The one or more video control circuits 240 may receive data from
the configurable circuit 204 via the Northbridge 210.
[0044] One or more video output devices 242 may be communicably
coupled to the one or more video control circuits. Such video
output devices 242 may be wirelessly communicably coupled to the
one or more video control circuits 240 or tethered (i.e., wired) to
the one or more video control circuits 242. The one or more video
output devices 242 may include, but are not limited to, one or more
liquid crystal (LCD) displays; one or more light emitting diode
(LED) displays; one or more polymer light emitting diode (PLED)

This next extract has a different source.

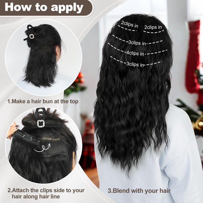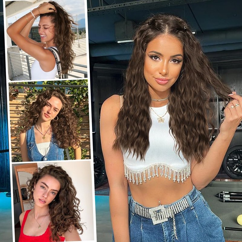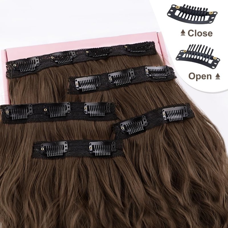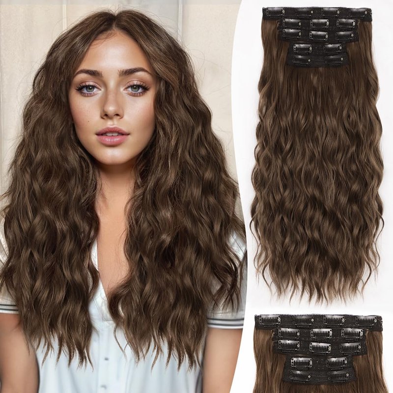 ALXNAN Clip in Hair Extensions, 16" Brown Thick Long Mermaid Waves Hair Extensions Invisible Lace Weft Soft Hairpieces For Women

displays; one or more organic light emitting diode (OLED) displays;
one or more cathode ray tube (CRT) displays; or any combination
thereof.
[0045] The Northbridge 210 and the Southbridge 220 may be
communicably coupled via one or more conductive members, such as
one or more buses 212 (e.g., a link channel or similar
structure).
[0046] One or more read only memories (ROM) may be communicably
coupled to the Southbridge 220 via one or more conductive members,
such as one or more buses 222. In some implementations, a basic
input/output system (BIOS) 252 may be stored in whole or in part
within the ROM 250. The BIOS 252 may provide basic functionality to
the system 200 and may be executed upon startup of the system
200.
[0047] A universal serial bus (USB) controller 260 may be
communicably coupled to the Southbridge via one or more conductive
members, such as one or more buses 224. The USB controller 260
provides a gateway for the attachment of a multitude of USB
compatible I/O devices 262. Example input devices may include, but
are not limited to, keyboards, mice, trackballs, touchpads,
touchscreens, and similar. Example output devices may include
printers, speakers, three-dimensional printers, audio output
devices, video output devices, haptic output devices, or
combinations thereof.
[0048] A number of communications interfaces may be communicably
coupled to the Southbridge 220 via one or more conductive members,
such as one or more buses 226. The communications and/or peripheral
interfaces may include, but are not limited to, one or more
peripheral component interconnect (PCI) interfaces 270; one or more
PCI Express interfaces 272; one or more IEEE 1384 (Firewire)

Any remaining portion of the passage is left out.